Patent law jurisprudence develops in loosely definable stages within technology areas. In plant sciences, US patent law jurisprudence has now progressed through its first stage. The Supreme Court's landmark decision in J.E.M. Ag Supply y Pioneer Hi-Bred has confirmed that plants are eligible for protection under the US utility patent scheme, bringing closure to an initial round of debate over the eligibility provision of the utility patent statute and its relationship with the Plant Variety Protection Act (PVPA) and the Plant Patent Act (PPA).

* A slightly different version of this chapter appears in the Australian publication Law in Context

(forthcoming 2007).

This chapter aims to comment briefly on the emerging, second stage of utility patent jurisprudence in plant sciences. Although the first stage dealt with threshold statutory interpretation questions, the second stage will be very different. It will be a calibration stage. It will be likely to feature the incremental refinement of the key patent doctrines that determine whether the patent system will foster or thwart plant sciences innovation. Mundane, hypertechnical and unspectacular, second-stage patent jurisprudence in plant sciences will none the less confront the most sensitive policy problems that arise within the patent system.

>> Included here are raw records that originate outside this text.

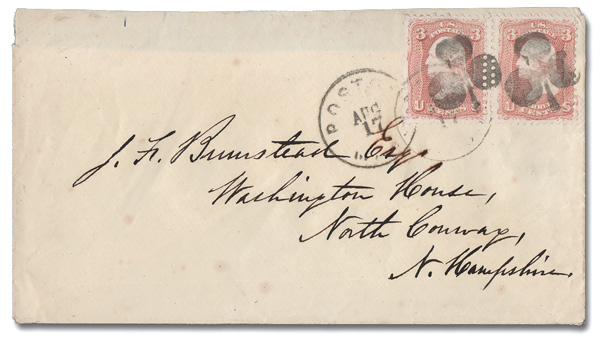 3¢ rose (65), with double perforations between on a cover to North Conway, N.H. (Image) (Image2)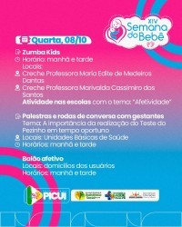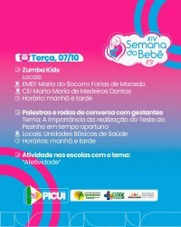 Na manhã de ontem (06), as escolas da Rede Municipal de Ensino de Picuí estiveram reunidas para celebrar o início da XIV Semana Municipal do Bebê, uma iniciativa que visa garantir um começo de vida mais saudável e feliz para as crianças do município. Durante os próximos dias, ações, palestras e atividades serão realizadas para promover a saúde, o bem-estar e o desenvolvimento das crianças.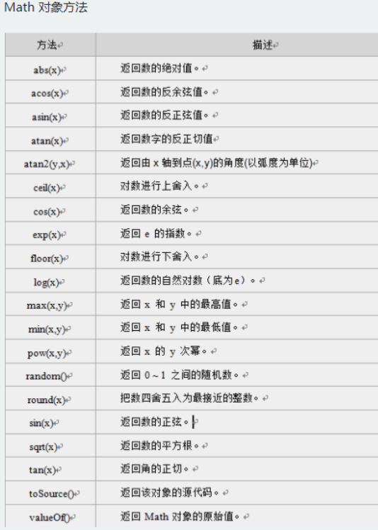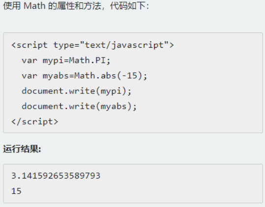 注意:Math 对象是一个固有的对象,无需创建它,直接把 Math 作为对象使用就可以调用其所有属性和方法。这是它与Date,String对象的区别。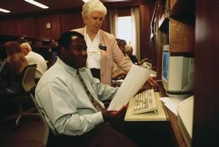 A patron works in one of the more than 3,500 family history centers operated by The Church of Jesus Christ of Latter-day Saints.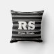 Bold White Monogram & Name, Lt Grey Lines on Black Cushion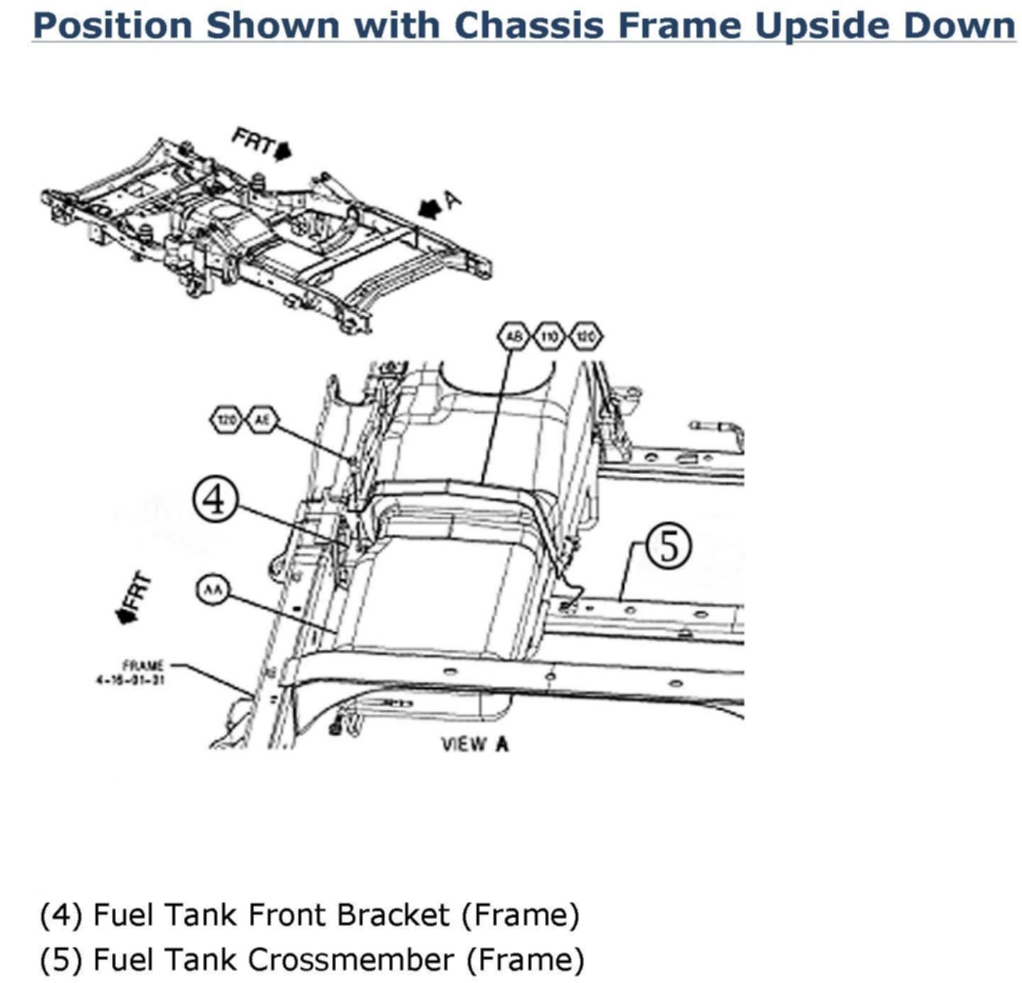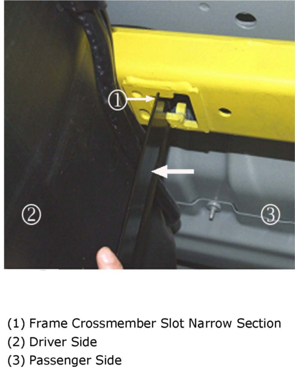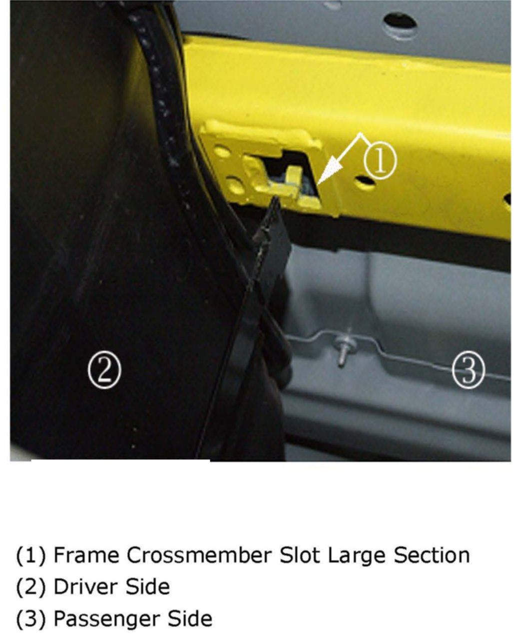 8.3. Move the new fuel tank front strap towards the driver side of the vehicle until it touches the frame crossmember slot narrow section edge.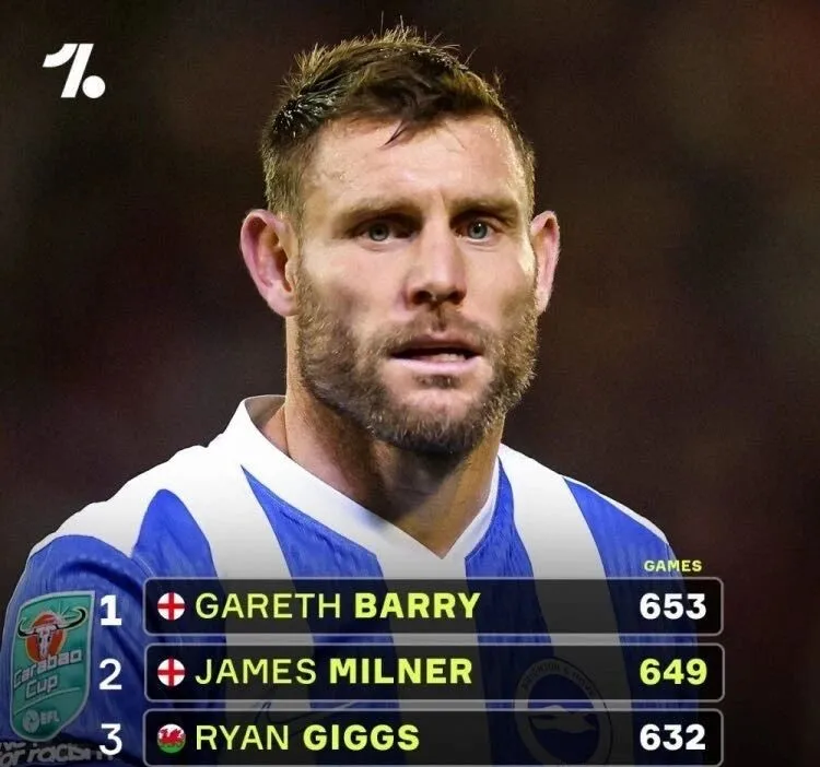 目前,英超历史出场纪录由加雷斯·巴里保持,他为653场。对于刚刚度过40岁生日的米尔纳来说,4场的差距已是触手可及。只要保持健康,他极有可能在未来一个多月内就完成对传奇的超越,将自己的名字独一无二地刻在英超历史的丰碑上。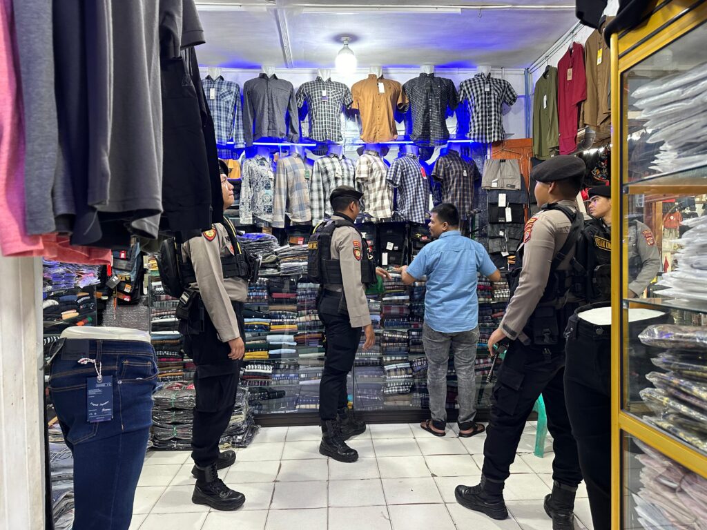 LHOKSEUMAWE – Personel Sat Samapta Polres Lhokseumawe melaksanakan patroli kota presisi, dalam kegiatan ini personel menyasar pedagang dan tempat publik di wilayah hukum Polres Lhokseumawe, Kamis (7/12/2023).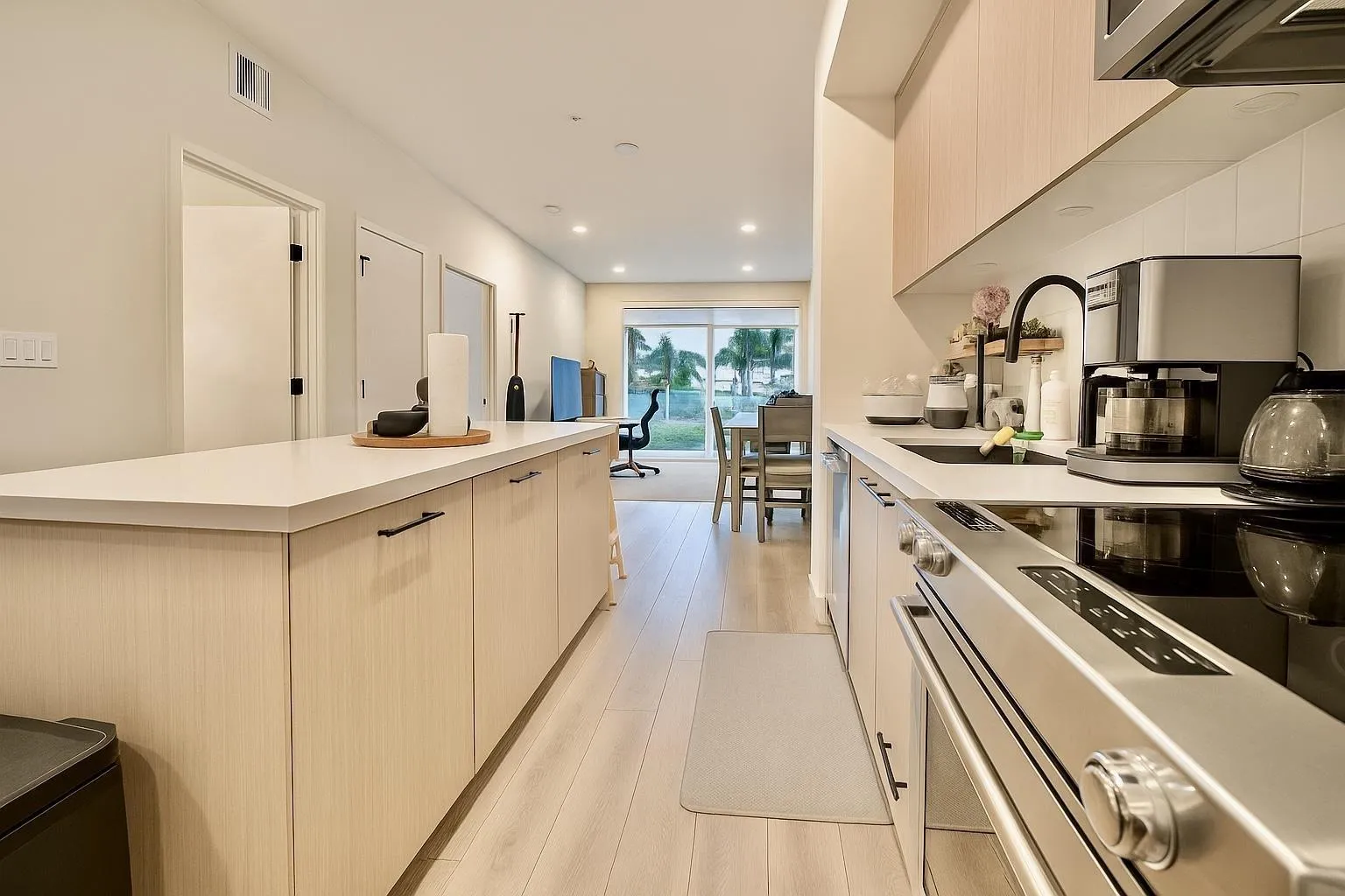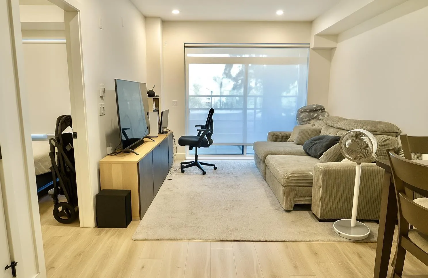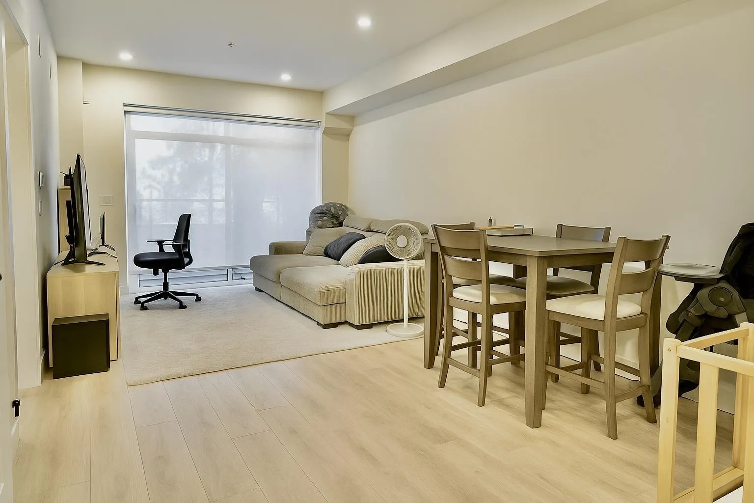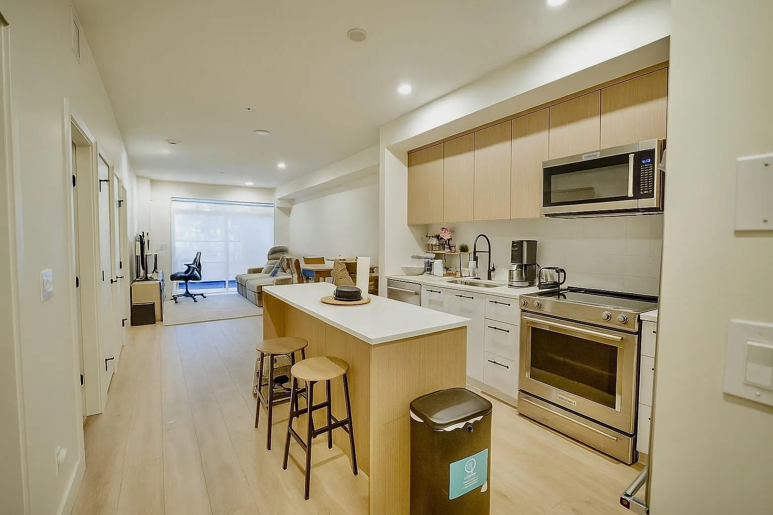 **Must See Listing**Welcome to Odyssey, a 160-unit condo development by award-winning Forge Properties! This stunning 2 bedroom home features an open-concept layout with full-sized stainless steel appliances, sleek black matte plumbing fixtures, elegant white quartz countertops, and a white tile backsplash. Enjoy the privacy of your own balcony and the warmth of wide-plank wood-grain laminate flooring. Residents also have access to a state-of-the-art Health & Fitness Centre with a sauna and fully equipped lounges. Ideally situated just off King George Blvd and 152nd St, this home offers convenience with nearby amenities, transit, highways, parks, schools, and a short drive to the beach!! (id:27476)

This chapter identifies two doctrines of patent scope that are likely to be implicated in calibrating the utility patent system for plant sciences: enablement and experimental use. It examines how those doctrines have been applied to date in plant sciences and offers some suggestions for the next steps in refining them to effectuate patent system calibration. Although these suggestions have implications for the substantive content of the doctrines, they are directed principally at rationalizing the process through which the doctrines might succeed as a calibration tool.